Железная дисциплина, казни даже за употребление хмельного в походе и резкое его ограничение на Сечи, постоянные тренировки и учения, отсеивание малахольных и нерешительных. Всего за год с небольшим, кошевой атаман, провозгласивший себя гетманом, создал более чем работающую систему хозяйствования на Сечи и сформировал армию, которая теперь могла бы соперничать с коронными войсками на равных, а в лихости, смекалке, превосходила польско-литовские коронные войска.

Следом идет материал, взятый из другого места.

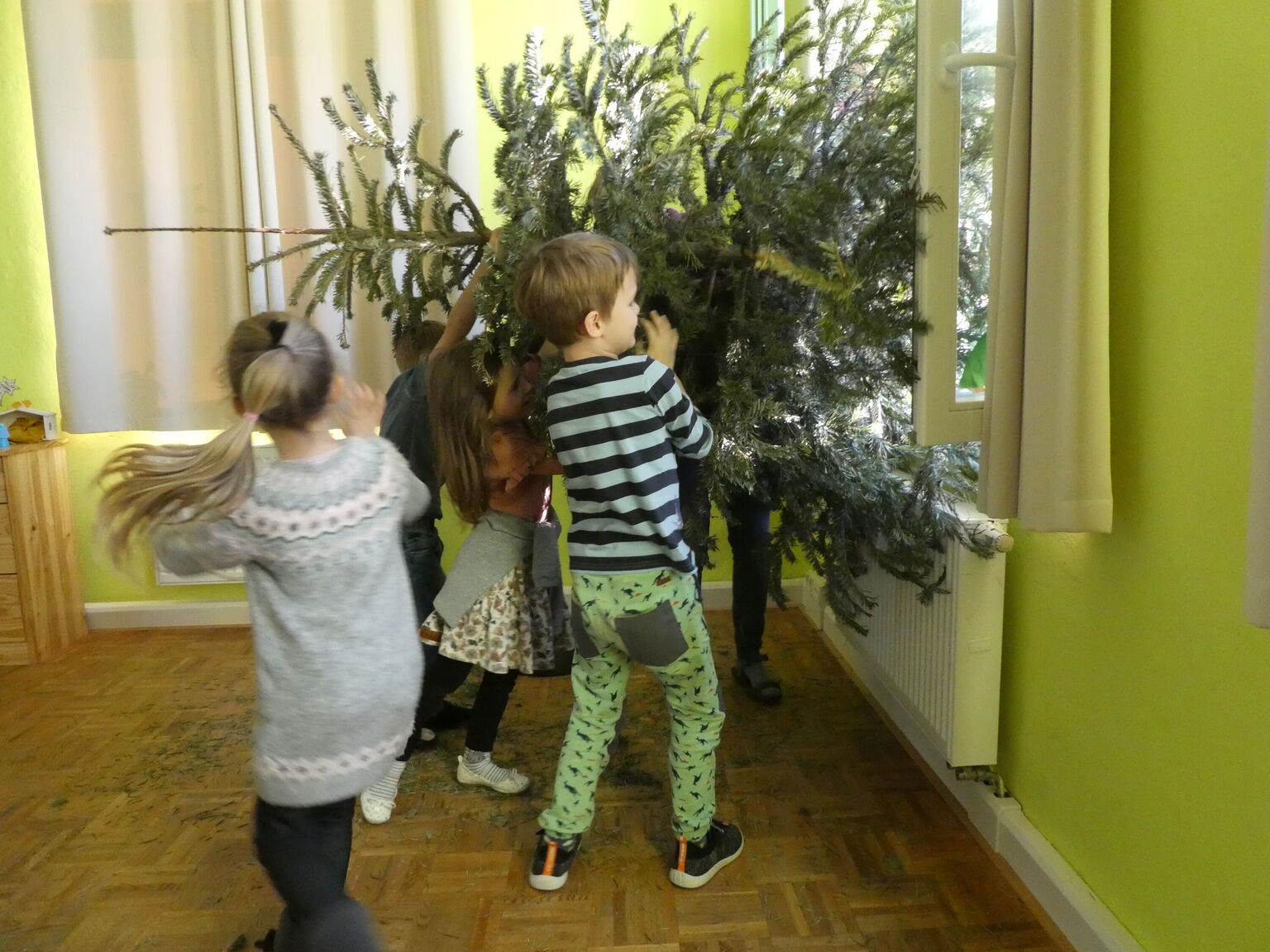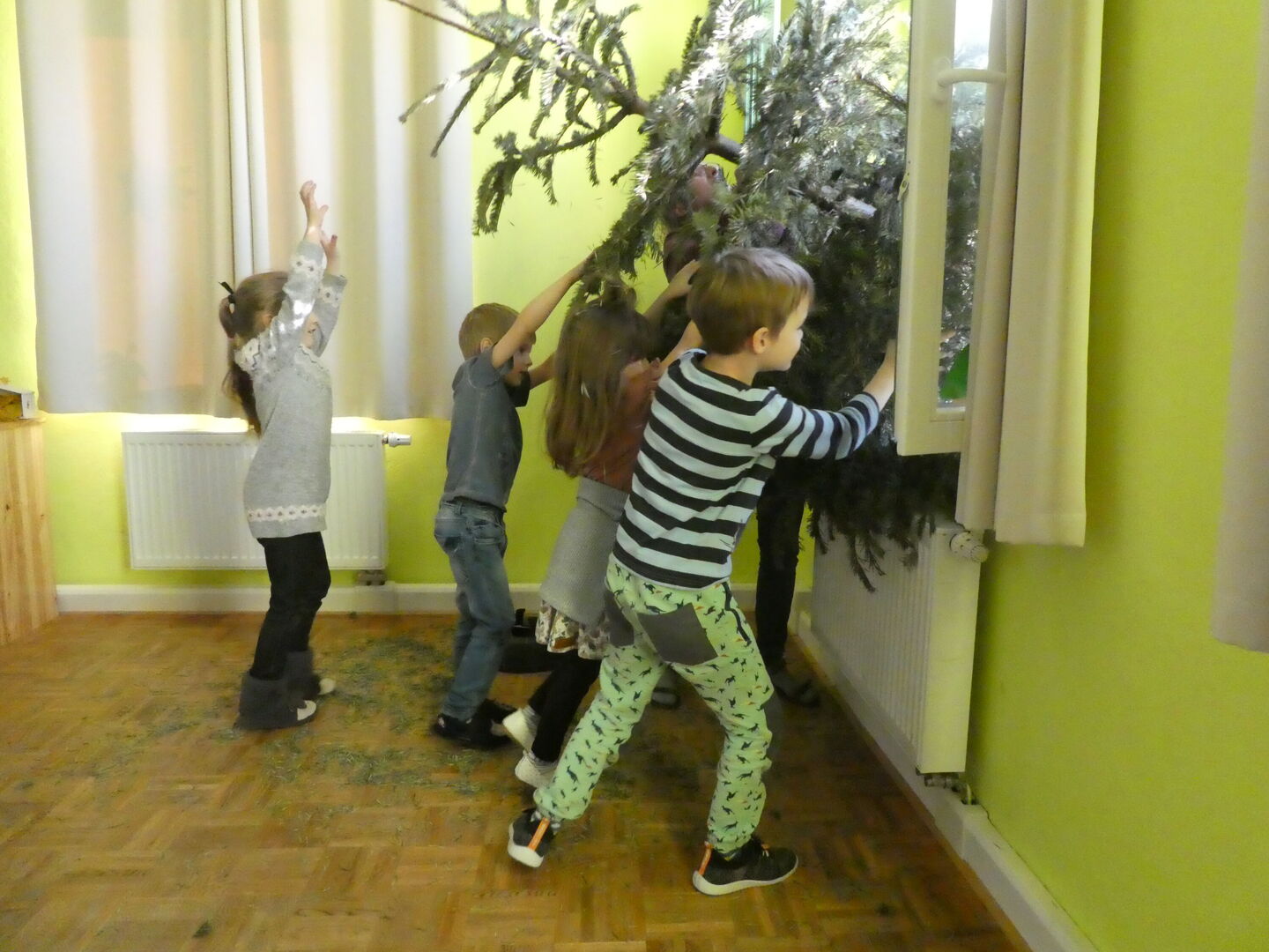 Gestern war es soweit. Die Wachgruppenkinder stellten fest, dass unser Weihnachtsbaum so langsam nicht mehr schön ist. Schnell wurden Ideen gesammelt und gemeinsam angepackt. Als Erstes musste natürlich der gebastelte Schmuck vom Baum genommen werden und in einer Kiste gesammelt für das nächste Mal. Dann wurde vorsichtig die Lichterkette abgenommen, dabei sind schon so einige Nadeln auf den Boden gefallen. Eines der Kinder bemerkte, dass wir einen Besen zum Aufkehren brauchen. Und dann packten alle mit an und hoben den Baum hoch und dann ab aus dem Fenster.

И не было для Сагайдачного особых, безусловных, авторитетов. Он был готов разговаривать с королем Речи Посполитой, именно что вести переговоры, но не подчиниться любой воле польского монарха. Он был бы и не против завести отношения и с Московским царством, с кем-нибудь из часто меняющихся его царями, но московская держава сейчас такова, что так и просится на казачий набег [Сагайдачный устроил не то, что набег на Россию, уже при Михаиле Романове, а полноценную войну, вместе с тем, просился к нему на службу и запорожские казаки тысячами переходили служить Москве].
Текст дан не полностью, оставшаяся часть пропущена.